For starters, we want to create a dictionary that maps xi
to its corresponding feature name in our dataset.
We’ll use the itertools.count()
function, as it’s basically enumerate
, but plays better with generator expressions.

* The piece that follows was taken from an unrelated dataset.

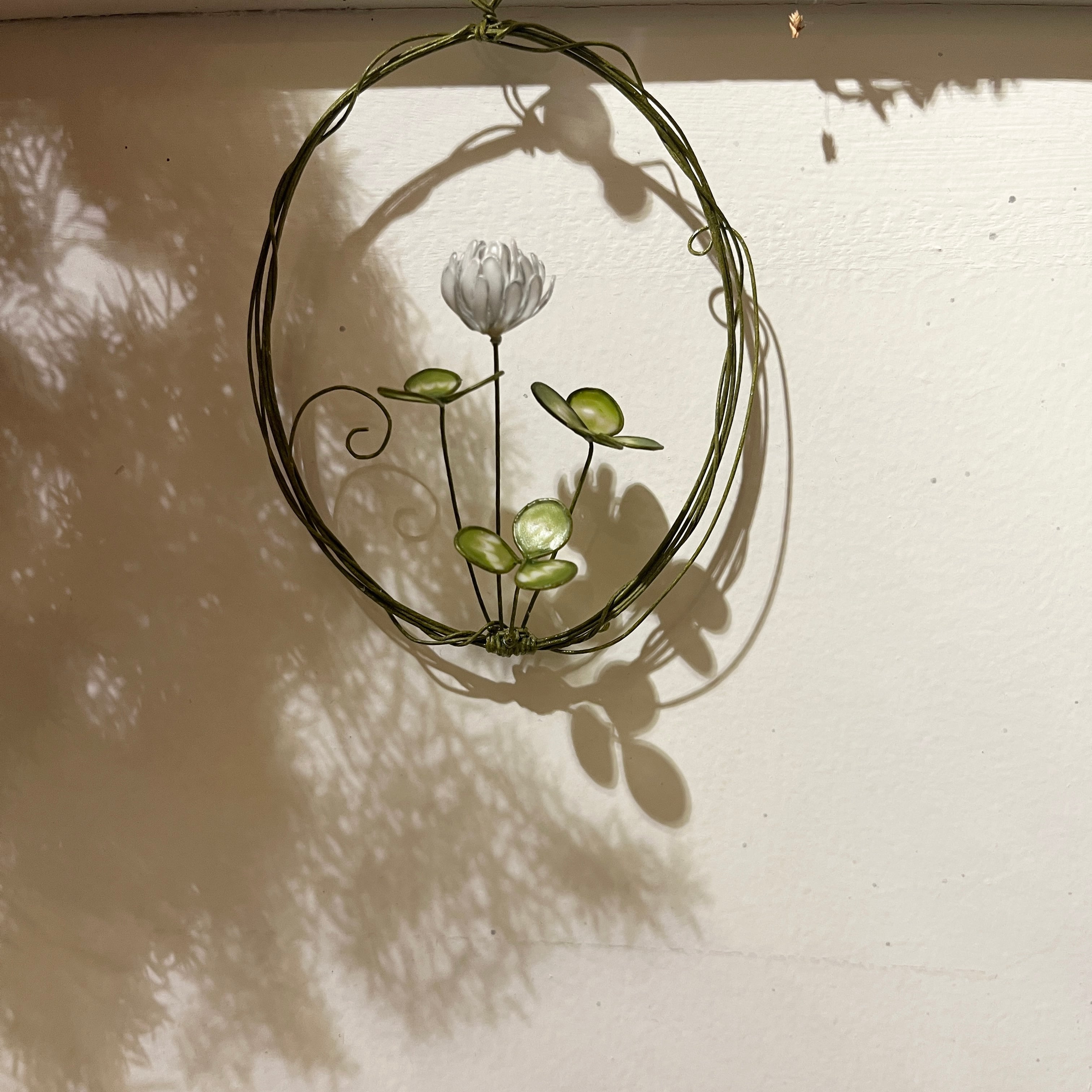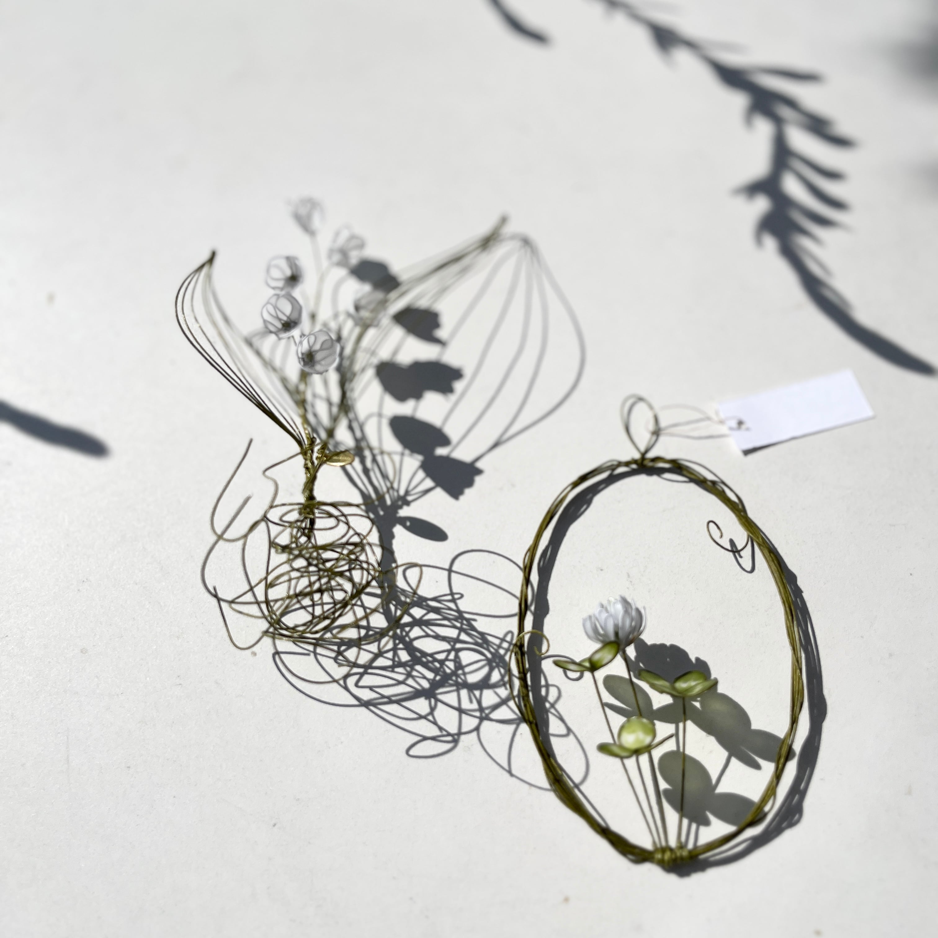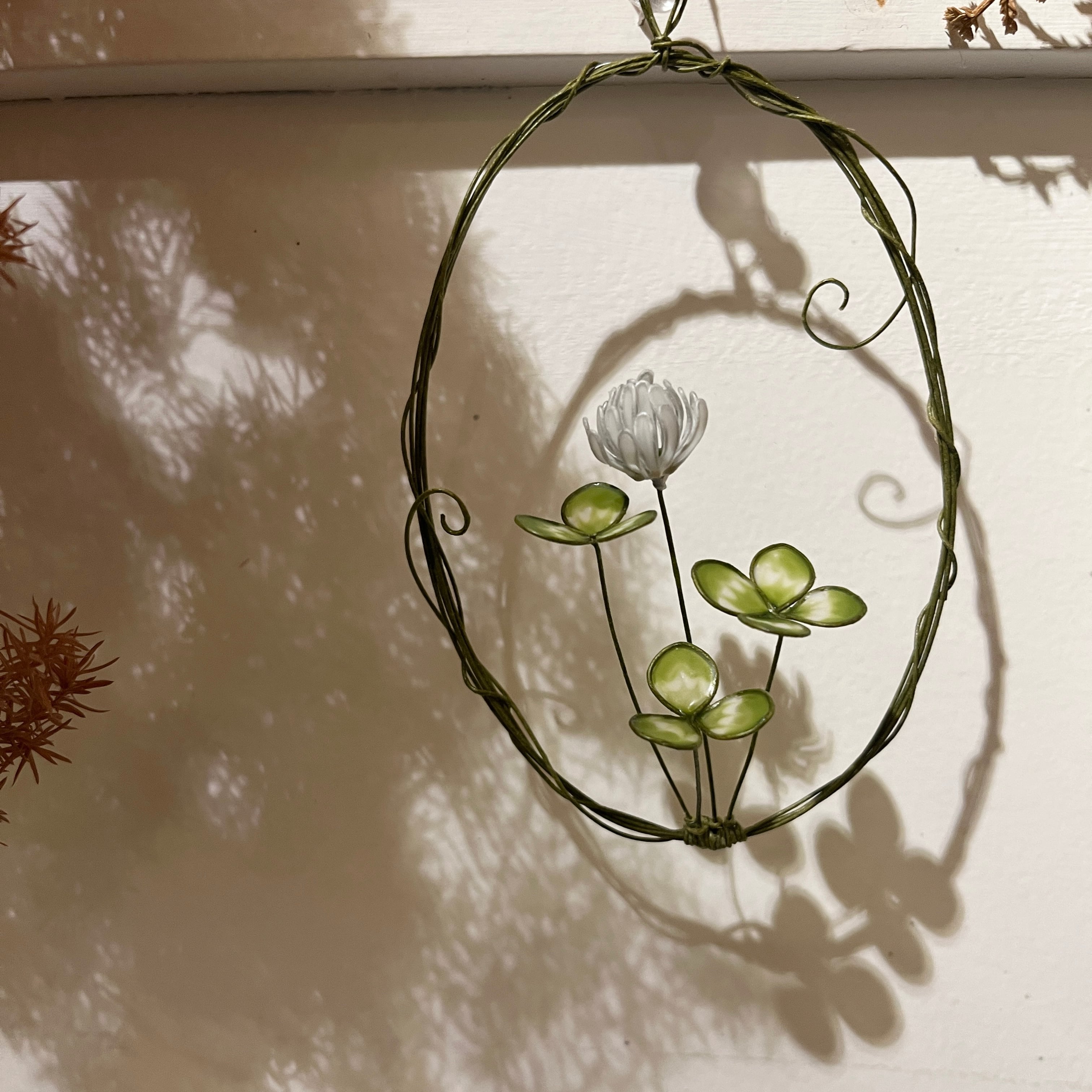 広島在住の作家 atelier karin さんのシロツメクサとクローバーがリースになりました。

from itertools import count
x_to_feature = dict(zip(('x{}'.format(i) for i in count()), X.columns))
x_to_feature
{'x0': 'season',
'x1': 'year',
'x2': 'month',
'x3': 'hour',
'x4': 'holiday',
'x5': 'weekday',
'x6': 'workingday',
'x7': 'weather',
'x8': 'temp',
'x9': 'feelslike',
'x10': 'humidity',
'x11': 'windspeed'}
Next, you know it’s Sound Data Science™ when we break out
import re
Finally, this little diddy goes through and makes the appropriate substitutions for xi
to their respective feature names, then replaces spaces with underscores so pandas
references isn’t such a chore
# necessary so `x11` gets a chance to swap before
# before `x1` leaves us with "season1" where we wanted
# "windspeed"
feature_keys = list(x_to_feature.keys())[::-1]
features = []
for feature in interaction.get_feature_names():
for key in feature_keys:
feature_name = x_to_feature[key]
feature = re.sub(key, feature_name, feature)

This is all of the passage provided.